DATA SUPPLIED below:
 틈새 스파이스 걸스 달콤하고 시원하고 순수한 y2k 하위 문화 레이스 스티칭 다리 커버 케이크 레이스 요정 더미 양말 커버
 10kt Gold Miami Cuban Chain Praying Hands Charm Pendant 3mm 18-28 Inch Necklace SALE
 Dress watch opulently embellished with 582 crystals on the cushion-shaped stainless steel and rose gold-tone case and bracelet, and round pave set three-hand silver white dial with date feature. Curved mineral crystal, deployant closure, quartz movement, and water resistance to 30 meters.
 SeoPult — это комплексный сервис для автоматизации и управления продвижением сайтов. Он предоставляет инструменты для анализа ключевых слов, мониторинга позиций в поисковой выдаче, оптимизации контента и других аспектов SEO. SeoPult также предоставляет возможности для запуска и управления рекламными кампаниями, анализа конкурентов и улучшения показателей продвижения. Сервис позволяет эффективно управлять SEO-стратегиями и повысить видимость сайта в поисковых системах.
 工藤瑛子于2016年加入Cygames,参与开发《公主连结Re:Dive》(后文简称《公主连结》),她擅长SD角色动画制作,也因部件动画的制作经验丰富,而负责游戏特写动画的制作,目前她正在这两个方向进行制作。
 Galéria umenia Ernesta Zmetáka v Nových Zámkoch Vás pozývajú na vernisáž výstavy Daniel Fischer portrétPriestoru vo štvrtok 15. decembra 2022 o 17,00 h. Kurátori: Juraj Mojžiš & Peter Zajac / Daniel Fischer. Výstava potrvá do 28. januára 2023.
End of DATA SUPPLIED.
EXERCISE REQUIREMENTS >> Set every entry down once more, exactly as written above.

EXERCISE SOLUTION >>
 틈새 스파이스 걸스 달콤하고 시원하고 순수한 y2k 하위 문화 레이스 스티칭 다리 커버 케이크 레이스 요정 더미 양말 커버
 10kt Gold Miami Cuban Chain Praying Hands Charm Pendant 3mm 18-28 Inch Necklace SALE
 Dress watch opulently embellished with 582 crystals on the cushion-shaped stainless steel and rose gold-tone case and bracelet, and round pave set three-hand silver white dial with date feature. Curved mineral crystal, deployant closure, quartz movement, and water resistance to 30 meters.
 SeoPult — это комплексный сервис для автоматизации и управления продвижением сайтов. Он предоставляет инструменты для анализа ключевых слов, мониторинга позиций в поисковой выдаче, оптимизации контента и других аспектов SEO. SeoPult также предоставляет возможности для запуска и управления рекламными кампаниями, анализа конкурентов и улучшения показателей продвижения. Сервис позволяет эффективно управлять SEO-стратегиями и повысить видимость сайта в поисковых системах.
 工藤瑛子于2016年加入Cygames,参与开发《公主连结Re:Dive》(后文简称《公主连结》),她擅长SD角色动画制作,也因部件动画的制作经验丰富,而负责游戏特写动画的制作,目前她正在这两个方向进行制作。
 Galéria umenia Ernesta Zmetáka v Nových Zámkoch Vás pozývajú na vernisáž výstavy Daniel Fischer portrétPriestoru vo štvrtok 15. decembra 2022 o 17,00 h. Kurátori: Juraj Mojžiš & Peter Zajac / Daniel Fischer. Výstava potrvá do 28. januára 2023.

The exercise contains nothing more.